Buna göre Ensarioğlu'nun 2013'te verdiği bir röportajda terörist başına ev hapsi istediği görüldü.
O dönem kapatılan BDP'ye verilen oylarla ilgili konuşan Ensarioğlu, "Halkın BDP'ye verdiği oyların yüzde 95'i Öcalan'a veriliyor. Bu nedenle Kandil'de başka yerler de Öcalan'a uyuyor. Netice olarak lider odur." dedi.
"Bana göre Öcalan'a daha ılımlı işte bir ev hapsi gibi imkan tanınması gerekir"

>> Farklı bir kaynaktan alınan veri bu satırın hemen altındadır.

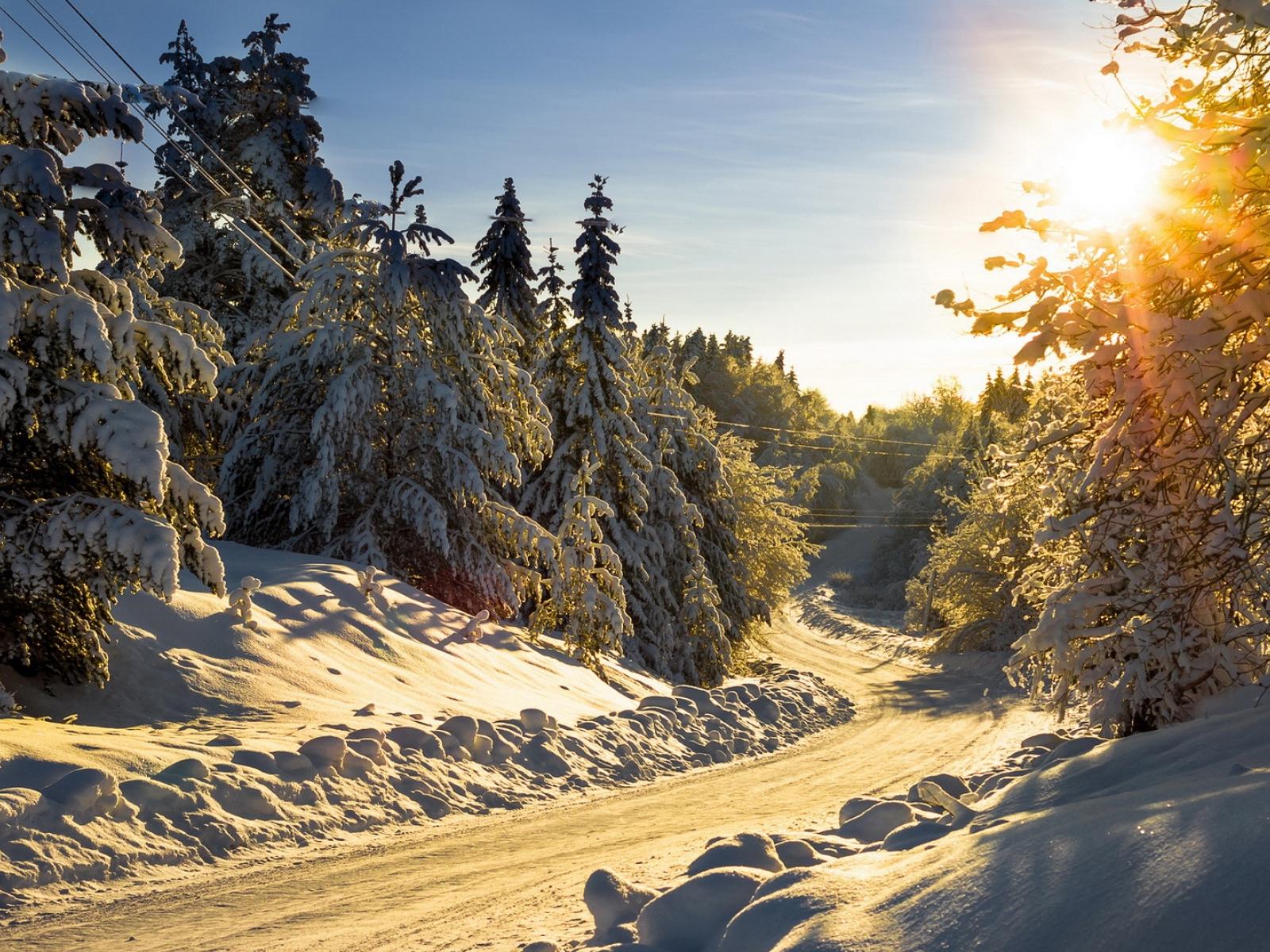 Wallpaper Snow covered trees in winter road

Sözlerine devam eden Ensarioğlu daha sonra Öcalan'a daha iyi imkanlar sağlanması ve cezasının ev hapsine çevrilmesi gerektiğini ifade ederek, "Bana göre Öcalan'a daha ılımlı işte bir ev hapsi gibi imkan tanınarak, ister televizyonla, ister telefonla, görüntülü, görüntüsüz, gibi bir ortam sağlanması gerekir. Netice itibarı ile bizim sorunumuz, Öcalan'ın 100 metre karede mi, 200 metre karede mi oturduğu değildir. Bizim temel sorunumuz bu olayın çözülmesidir." şeklinde konuştu.
Salim Ensarioğlu'nun konuyla ilgili ifadeleri şöyle:
"Halkın BDP'ye verdiği oyların yüzde 95'i Öcalan'a veriliyor. Bu nedenle Kandil'de başka yerler de Öcalan'a uyuyor. Netice olarak lider odur. Bana göre Öcalan'a daha ılımlı işte bir ev hapsi gibi imkan tanınarak, ister televizyonla, ister telefonla, görüntülü, görüntüsüz, gibi bir ortam sağlanması gerekir. Netice itibarı ile bizim sorunumuz, Öcalan'ın 100 metre karede mi, 200 metre karede mi oturduğu değildir. Bizim temel sorunumuz bu olayın çözülmesidir. Birbirimizi böyle çocuksu hareketlerle, işte yok biz burada tutarız, gibi meseleler değildir. Mesele, bu olayın çözülmesidir. Durum böyle olduğuna göre o zaman Öcalan tripleks dairede de oturabilir, villada da oturabilir. Yanına sekreter, danışman ve teknolojik imkanlar gibi imkanlar da tanınmalıdır. Bu olayın bir an önce bitmesi için ne gerekiyorsa yapılmalıdır."